Omit all pictures and transcribe only the lines in the entries below that run from the line with "Lilja är en" through the line with "Figure 3 shows".

### THE INPUT
+--

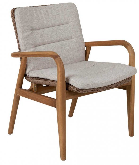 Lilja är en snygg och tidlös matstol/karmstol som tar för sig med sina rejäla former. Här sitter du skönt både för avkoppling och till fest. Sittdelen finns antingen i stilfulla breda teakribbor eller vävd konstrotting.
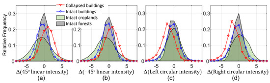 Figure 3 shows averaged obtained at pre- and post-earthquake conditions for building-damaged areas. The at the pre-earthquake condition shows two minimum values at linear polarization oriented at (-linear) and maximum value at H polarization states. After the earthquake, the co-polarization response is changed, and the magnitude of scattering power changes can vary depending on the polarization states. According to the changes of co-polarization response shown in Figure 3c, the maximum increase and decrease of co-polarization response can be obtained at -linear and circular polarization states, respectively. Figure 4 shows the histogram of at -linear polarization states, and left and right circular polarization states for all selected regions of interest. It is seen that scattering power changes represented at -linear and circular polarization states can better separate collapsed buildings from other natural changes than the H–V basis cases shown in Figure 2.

+--

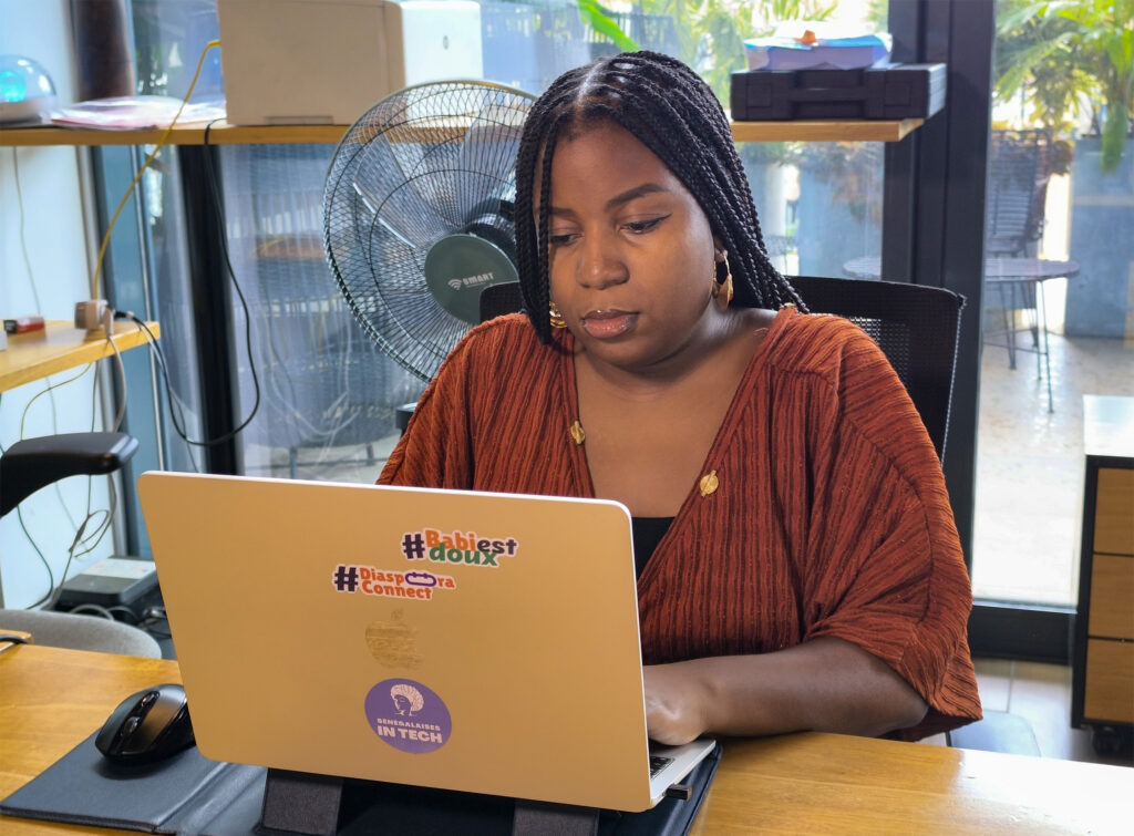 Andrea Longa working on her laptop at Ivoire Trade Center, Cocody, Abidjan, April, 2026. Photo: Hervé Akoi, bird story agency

+--

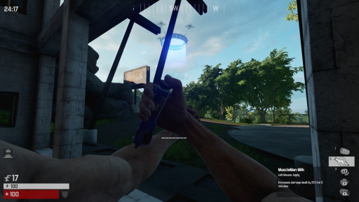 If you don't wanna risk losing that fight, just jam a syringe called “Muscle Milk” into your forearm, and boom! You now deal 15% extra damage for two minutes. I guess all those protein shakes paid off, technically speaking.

+--

### REPLY TO THE EXERCISE
 Lilja är en snygg och tidlös matstol/karmstol som tar för sig med sina rejäla former. Här sitter du skönt både för avkoppling och till fest. Sittdelen finns antingen i stilfulla breda teakribbor eller vävd konstrotting.
 Figure 3 shows averaged obtained at pre- and post-earthquake conditions for building-damaged areas. The at the pre-earthquake condition shows two minimum values at linear polarization oriented at (-linear) and maximum value at H polarization states. After the earthquake, the co-polarization response is changed, and the magnitude of scattering power changes can vary depending on the polarization states. According to the changes of co-polarization response shown in Figure 3c, the maximum increase and decrease of co-polarization response can be obtained at -linear and circular polarization states, respectively. Figure 4 shows the histogram of at -linear polarization states, and left and right circular polarization states for all selected regions of interest. It is seen that scattering power changes represented at -linear and circular polarization states can better separate collapsed buildings from other natural changes than the H–V basis cases shown in Figure 2.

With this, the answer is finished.